Experiencia personal
«Me sorprendió que me pegara el nido vacío. Pensaba que con tanta vida profesional no lo notaría»
Referentes en ficción
«Aplaudí cuando Jennifer Aniston le dijo a su hija en ‘The Morning Show’: ‘Me destrozaste el coño cuando te parí’»
– Como madre y actriz. ¿El cine nos ha vendido bien la moto de la maternidad?
– Totalmente mitificada. La maternidad se romantiza, y las películas que se atreven a romper con eso normalmente son «de culto», que las vemos cuatro. ¡Qué pena! Yo abogo por mostrar a madres imperfectas que se esfuerzan, pero que no quieren renunciar a sus carreras. Hoy en día se tiene muy poca empatía con las madres. Parece que si una madre se sale de la norma para divertirse o hacer sus planes, está estigmatizada.
– Las comedias con Santiago Segura ya le han metido un buen hachazo a ese mito.

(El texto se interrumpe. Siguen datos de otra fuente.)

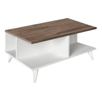Τραπεζάκι σαλονιού Sedra Megapap από μελαμίνη χρώμα λευκό – καρυδί 90x60x38,6εκ.
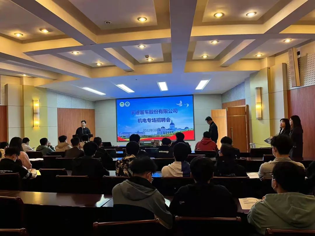 为高质量打通人才培养“最后一公里”,精准服务学生就业工作,3月11日下午,黄网在文化路校区100人报告厅举办宇通客车股份有限公司专场招聘会。
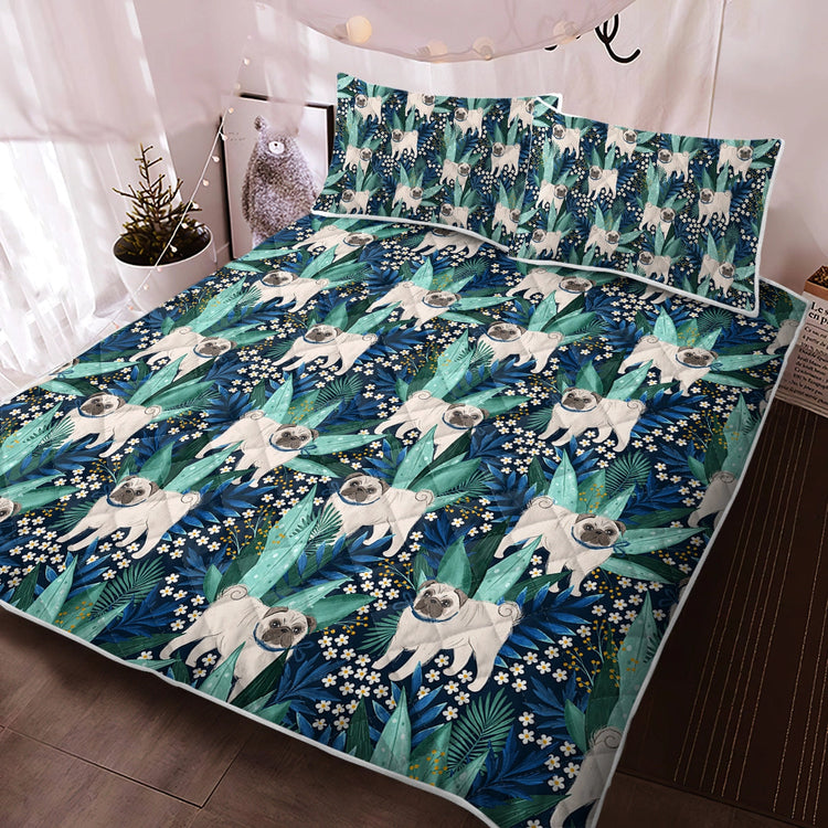 Botanical Pug Bliss Quilted Blanket or Bedding Set - 5 Colors
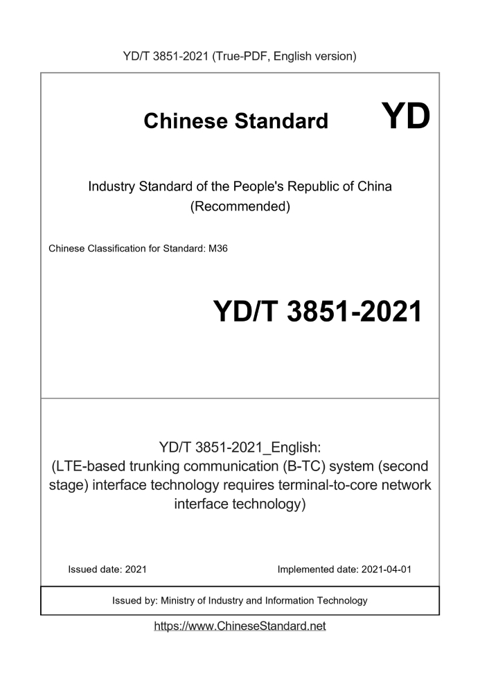 Basic dataStandard ID: YD/T 3851-2021 (YD/T3851-2021)Description (Translated English): (LTE-based trunking communication (B-TC) system (second stage) interface technology requires terminal-to-core network interface technology) Sector / Industry: Telecommunication Industry Standard (Recommended) Classification of Chinese Standard: M36 Classification of International Standard: 33.060 Date of Issue: 2021 Date of Implementation: 2021-04-01 Regulation (derived from): Ministry of Industry and Information Technology Announcement No. 6 of 2021 Issuing agency(ies): Ministry of Industry and Information Technology Summary: This standard specifies the technical requirements for the terminal to cluster core network interface of the Broadband Trunking Communication (B-TrunC) system (second phase) based on LTE technology, including the interface model, TSM state machine, EMM cluster enhancement, TSM signaling process, NAS signaling message format, NAS signaling unit, NAS signaling message transmission, timer, etc. This standard applies to terminals and cluster core network equipment of the Broadband Trunking Communication (B-TrunC) system (second phase) based on LTE technology. Tips & Frequently Asked Questions:Question 1: How long will the true-PDF of YD/T 3851-2021_English be delivered?Answer: Upon your order, we will start to translate YD/T 3851-2021_English as soon as possible, and keep you informed of the progress. The lead time is typically 1 ~ 3 working days. The lengthier the document the longer the lead time.Question 2: Can I share the purchased PDF of YD/T 3851-2021_English with my colleagues?Answer: Yes. The purchased PDF of YD/T 3851-2021_English will be deemed to be sold to your employer/organization who actually pays for it, including your colleagues and your employer's intranet.Question 3: Does the price include tax/VAT?Answer: Yes. Our tax invoice, downloaded/delivered in 9 seconds, includes all tax/VAT and complies with 100+ countries' tax regulations (tax exempted in 100+ countries) -- See Avoidance of Double Taxation Agreements (DTAs): List of DTAs signed between Singapore and 100+ countriesQuestion 4: Do you accept my currency other than USD?Answer: Yes. If you need your currency to be printed on the invoice, please write an email to Sales@ChineseStandard.net. In 2 working-hours, we will create a special link for you to pay in any currencies. Otherwise, follow the normal steps: Add to Cart -- Checkout -- Select your currency to pay. |
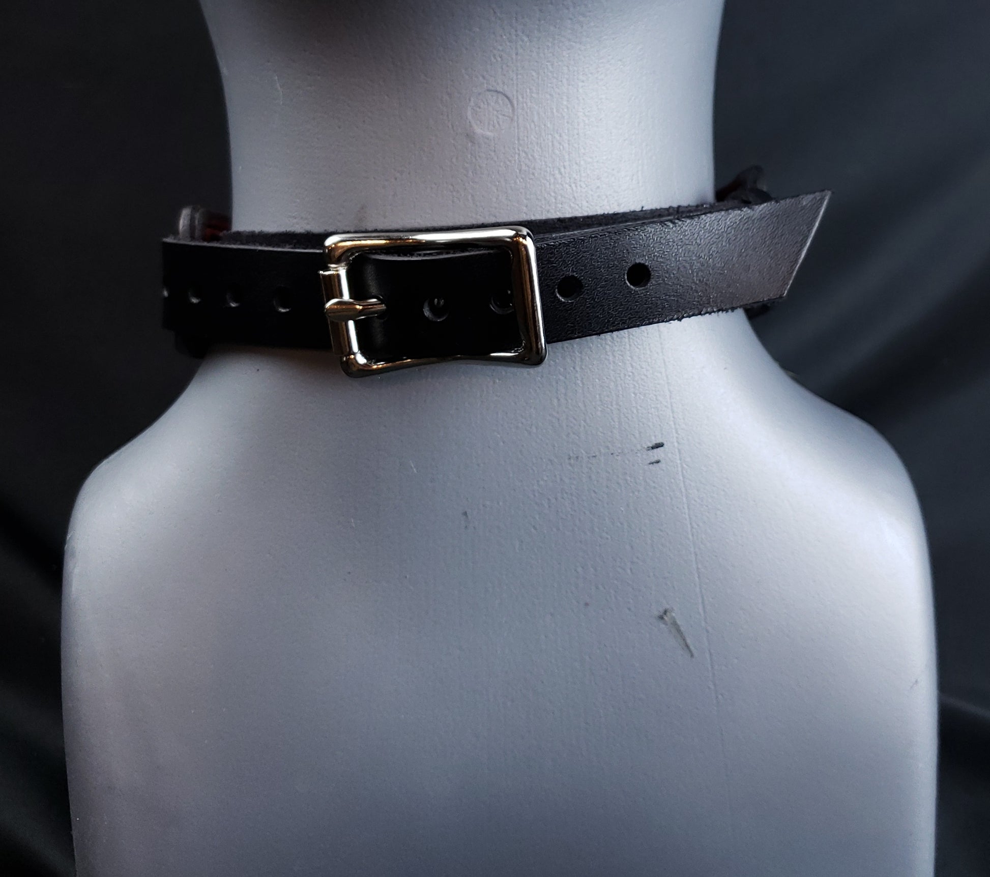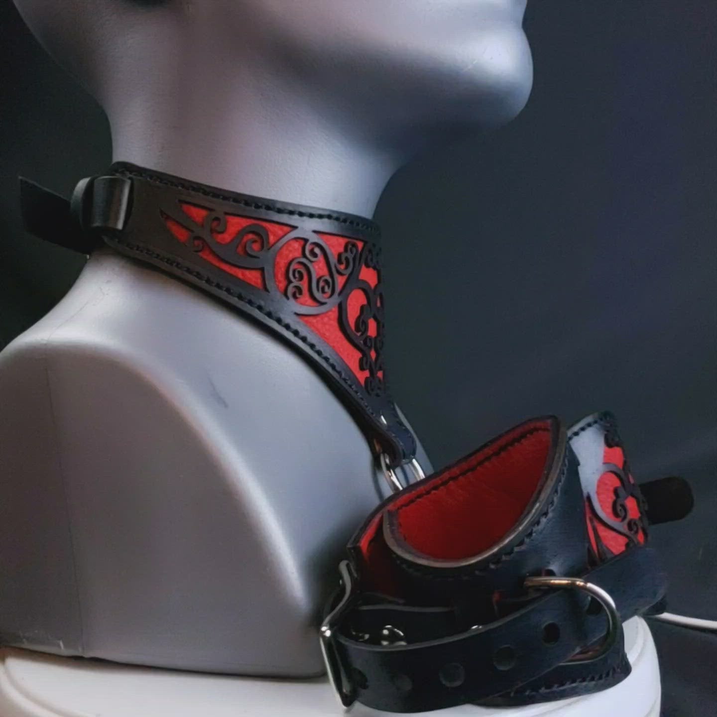 These restraints are made with three panels of leather. The black front piece is laser cut with the filigree design. There are two layers behind that, one for color in the design and the last to be soft against the skin. The collars are stitched along the edges with 1mm nylon bonded thread. All of the hardware is steel. The ring is a welded o ring. They are not nickel free! The design keeps the metal off the skin with the exception of the center ring on the collar.

– Los creadores de ‘Señoras del (h)AMPA’ me dijeron que lo íbamos a petar «porque por primera vez aparece una madre que dice: ‘ahí os quedáis’». Era la primera vez que, en comedia ligera, la madre se reivindicaba. Pero faltan referentes. Recuerdo que me levanté en el salón de mi casa y aplaudí viendo ‘The Morning Show’, cuando Jennifer Aniston le suelta a su hija: «Cariño, es que me destrozaste el coño cuando te parí» (risas). Una mujer que ponga su carrera por delante de sus hijos hoy sigue estando señalada. ¿Y un hombre? Un hombre no.
– ¿Se le acercan madres a decirle que se ven reflejadas en usted?

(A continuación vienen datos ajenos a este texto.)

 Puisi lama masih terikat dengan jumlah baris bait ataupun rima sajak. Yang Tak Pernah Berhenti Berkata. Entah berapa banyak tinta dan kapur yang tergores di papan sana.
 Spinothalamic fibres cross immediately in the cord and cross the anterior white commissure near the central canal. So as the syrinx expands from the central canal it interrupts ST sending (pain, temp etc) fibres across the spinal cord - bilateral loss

– Sí, muchas mujeres, pero ¡también adolescentes! La generación de mi hijo ya reconoce a este tipo de madres. Soy yo la que les dice: «Me voy al gimnasio» y me voy. Las cosas están cambiando en la calle, pero no en las pantallas. Si ponen a una madre así, el tratamiento es: «Bueno, la protagonista está loca». No, perdona: está intentando sobrevivir a la vida que llevamos.
– Si su propia vida familiar fuera una película, no sé si se ha llevado a plantear quién la podría dirigir… ¿Almodóvar?

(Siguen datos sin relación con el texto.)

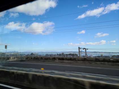 午後1時 バスの車窓から琵琶湖が見えるようになってきました。湖西へバスは進んでいます。
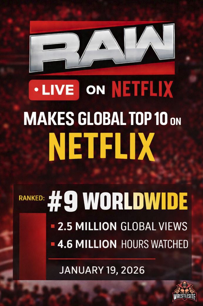 – WWE RAW ranked #9 globally on Netflix for January 19, 2026
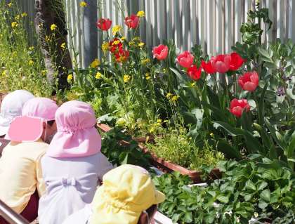 幼稚園の庭では、子どもたちが植えたチューリップの花がきれいに咲きました。
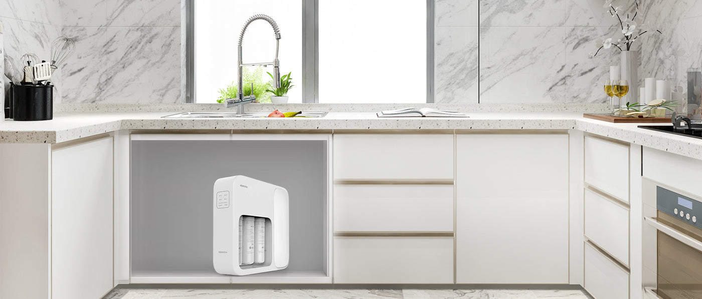 Su diseño minimalista y compacto, con solo 17,7 cm de ancho, incluye un panel de control intuitivo y un tanque de agua incorporado, optimizando el espacio sin afectar la estética de la cocina. Compatible con grifería de tres vías o su propio grifo, ofrece comodidad y versatilidad para el día a día. Además, su recordatorio de cambio de filtro asegura un mantenimiento eficiente para una purificación siempre óptima.
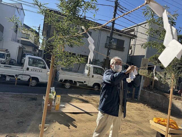 竹は枯れないよう、地鎮祭当日に伐採します。
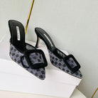 Manolo Mules Latest Checkerboard Grey Fabric Leather 528009

– No, no. Mi hijo, que es el que mejor conoce perfectamente lo intrínseco de esta madre que tiene. Yo a veces le digo: «Es lo que te ha tocado, mi amor, tengo cosas buenas y cosas muy malas».
– ¿Pero no le daría pudor que alguien tan cercano rascase ahí?
– ¡Qué va, al contrario! Sería capaz de contarle mis secretos más íntimos. Es el único que va a entender mis mierdas y mis infiernos.